### PROBLEM STATEMENT
Return the data below in full and exactly, except that the pictures are dropped.

### DATA SEGMENT
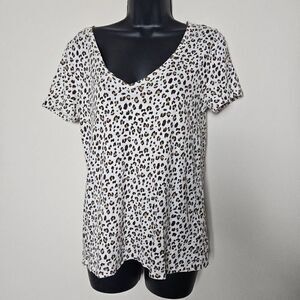 This is a short sleeved t-shirt by J. Crew. It is white with black and tan animal print.
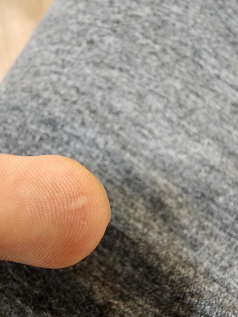 납땜하다가 인두기로 인해 손가락 끝 작은 부위에 물집 같은게 잡혔습니다.
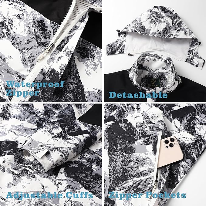 - [Adjustable Highlights]: The hood of this men's waterproof jacket hoodie is detachable and the hood has stretch straps to fit various environmental needs. Detachable hood provides different ways of wearing. The sleeves have adjustable cuffs, which can against the cold wind and make it easy to adjust the length of the sleeves.

### ANSWER BOX
 This is a short sleeved t-shirt by J. Crew. It is white with black and tan animal print.
 납땜하다가 인두기로 인해 손가락 끝 작은 부위에 물집 같은게 잡혔습니다.
 - [Adjustable Highlights]: The hood of this men's waterproof jacket hoodie is detachable and the hood has stretch straps to fit various environmental needs. Detachable hood provides different ways of wearing. The sleeves have adjustable cuffs, which can against the cold wind and make it easy to adjust the length of the sleeves.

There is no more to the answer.